There’s not an official rule about it, but the Motion Picture Association of America suggests film trailers run no longer than two and a half minutes, and that is where most full-length trailers clock in. However, studios usually reserve a few exceptions each year and do a three-minute trailer for their biggest, best films, the ones they hope will pull the biggest, best audiences. Warner Bros. Discovery is burning one of their exceptions on Dune: Part Two, due out in November. A new trailer dropped yesterday, giving a fuller sense of the scope and scale of the sequel, which is very big indeed.
Part Two looks so beautiful, I cannot WAIT to see it on a big screen. This was the shame about Dune: Part One, as boring as that movie is, it is gorgeous and watching it at home was not ideal. Dune is the type of movie that deserves to be seen on a big screen. Hans Zimmer’s ululating score remains annoying as hell—either do something interesting with the MENA-inspired roots of Dune or drop it all together—but Greig Fraser’s cinematography is SPECTACULAR (he won an Oscar for Part One). I am especially interested to see the sandworm stuff. Not unlike superhero movies exploding in the 2000s, technology has finally reached the point where a person sand-surfing on a giant worm can look cool. They’re cleverly teasing that moment in the trailers without actually showing it to us.
We also get to see a little bit more of Florence Pugh as Princess Irulan, we’re introduced to Christopher Walken as Padishah Emperor Shaddam, and there is a bit more of black-and-white bald Austin Butler in action, but this trailer is really focused on Timothee Chalamet’s Paul Atreides and his rise to power leading a rebellion from the desert planet Arrakis. Zendaya also heavily features in the trailer—she’s taking such good care of her little white boys!—as they tease Paul and Chani’s desert love story.
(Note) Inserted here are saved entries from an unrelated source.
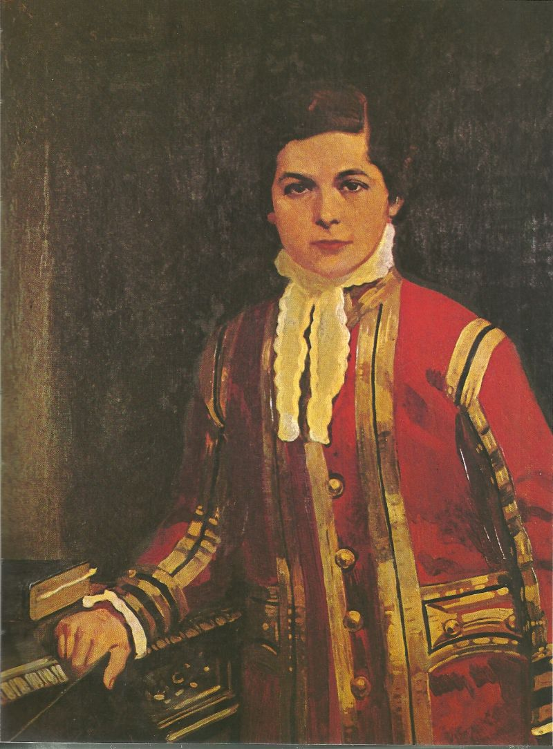 Arthur Sullivan aged about 13 as chorister of the Chapel Royal.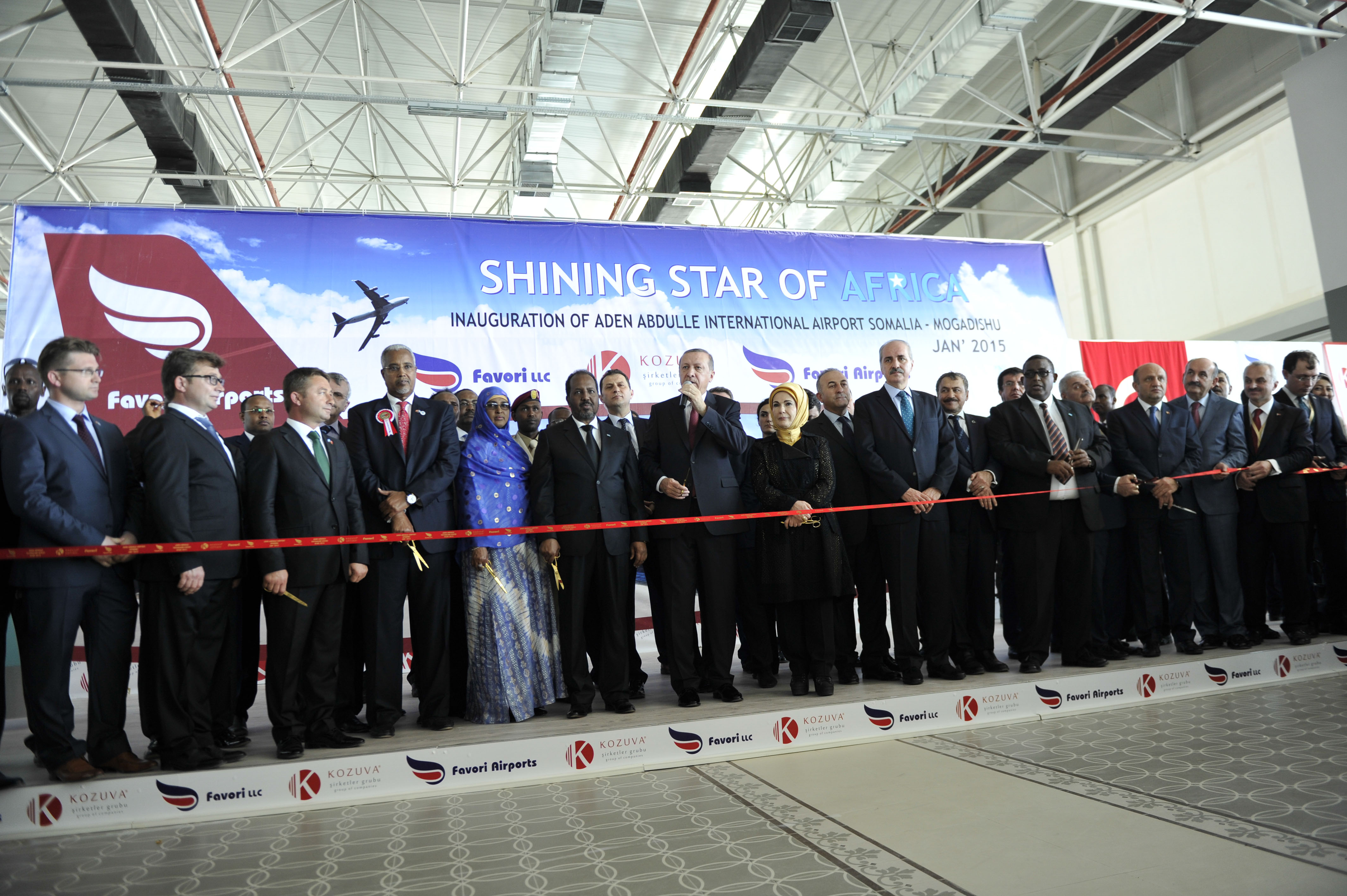 Turkey’s President Recep Tayyip Erdogan and Somali President Hassan Sheikh Mohamud open the new terminal of Aden Abdulle International Airport in Mogadishu, Somalia on January 25. 2015 AMISOM Photo / Ilyas Ahmed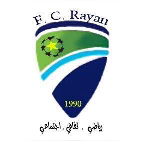 Rayan Club Social Activity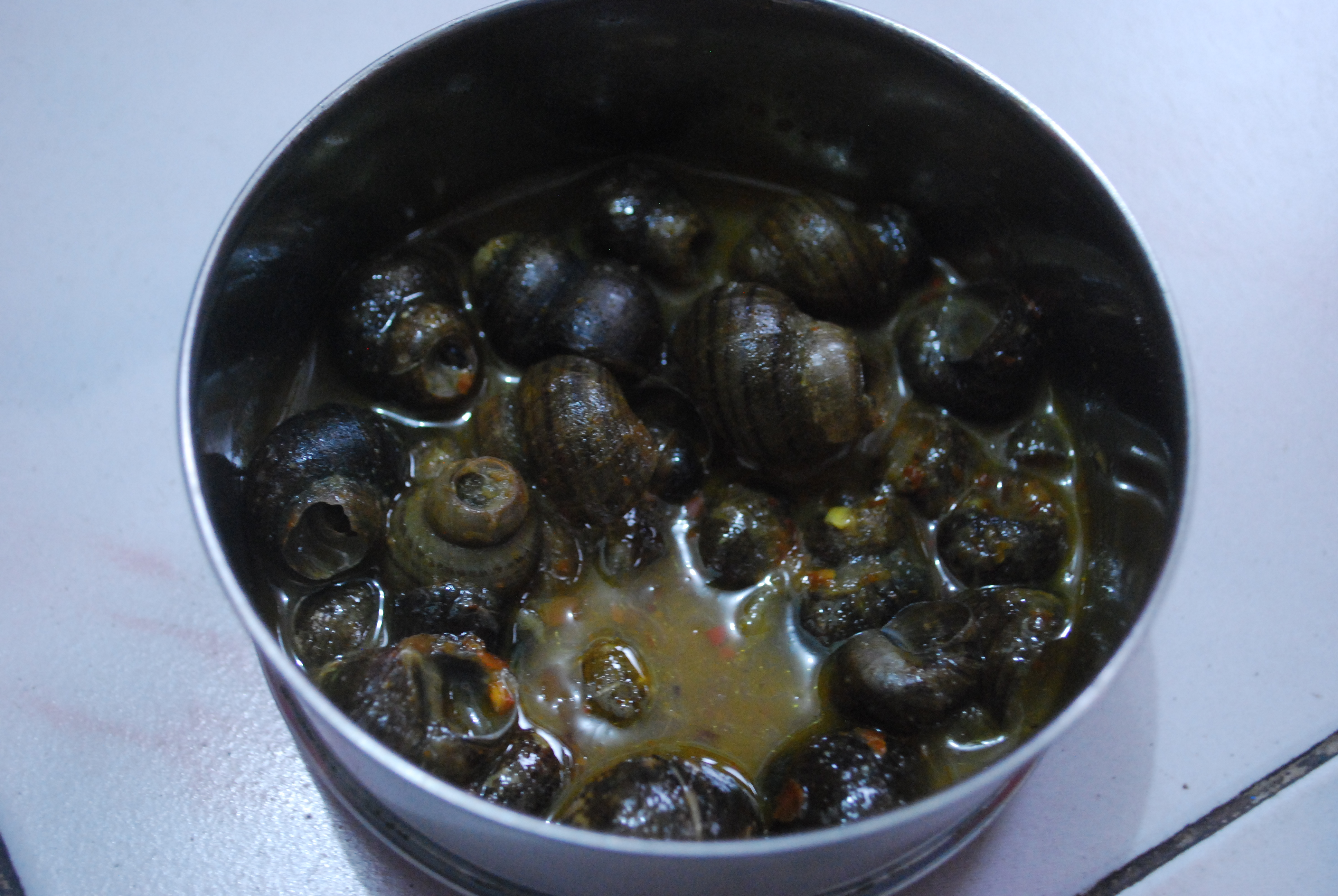 घोङ्गइ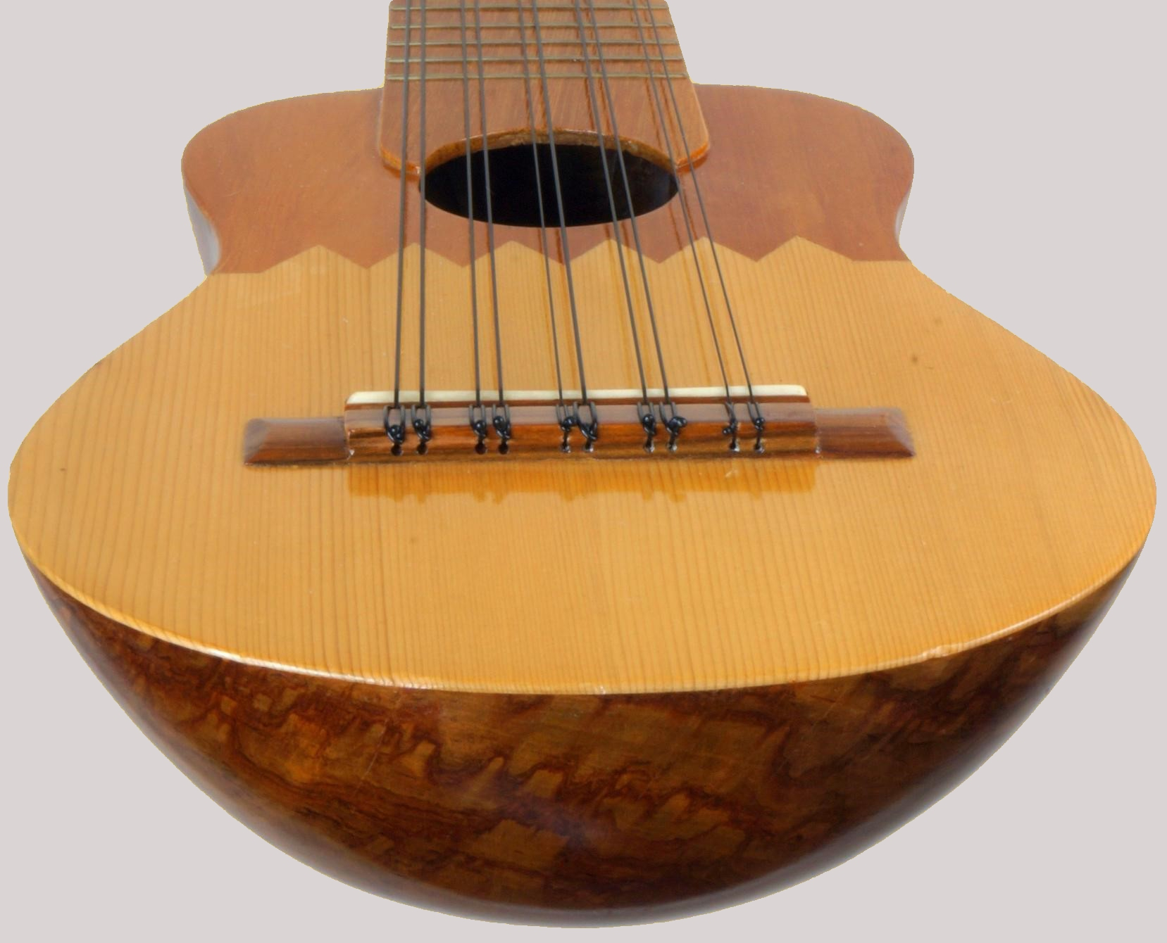 View of the bridge and base of an all wood "semi professional" Charango from Peru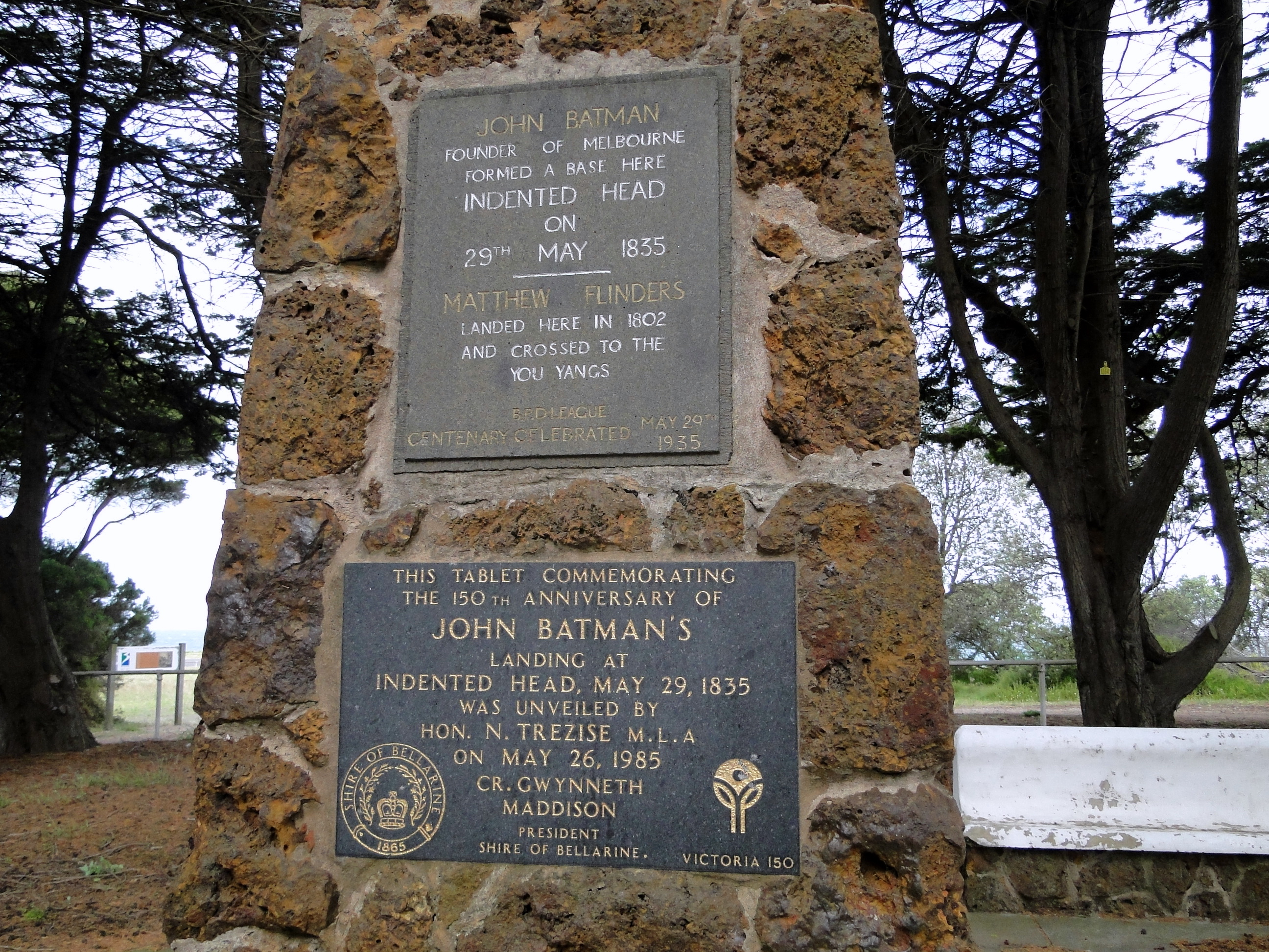 Detail of the inscription on the Matthew Flinders and John Batman memorial at Indented Head, Victoria, Australia.

I didn’t care much for Dune: Part One, despite the excellent visuals, but Part Two is where all the actual development and action is at, so I am looking forward to this one. I am always and forever put off by the white savior undertones of Paul Atreides, a privileged outsider, being the prophesied Chosen One for the Indigenous people of Arrakis, but that is just baked into the core of Dune. Denis Villeneuve and co-writer John Spaihts inherited that trope from novelist Frank Herbert. Based on Part One, I don’t think they’ll do anything interesting to interrogate or upend the trope in Part Two, but maybe I’ll be surprised. I want to be. I want all parts of Dune to live up to Greig Fraser’s visuals.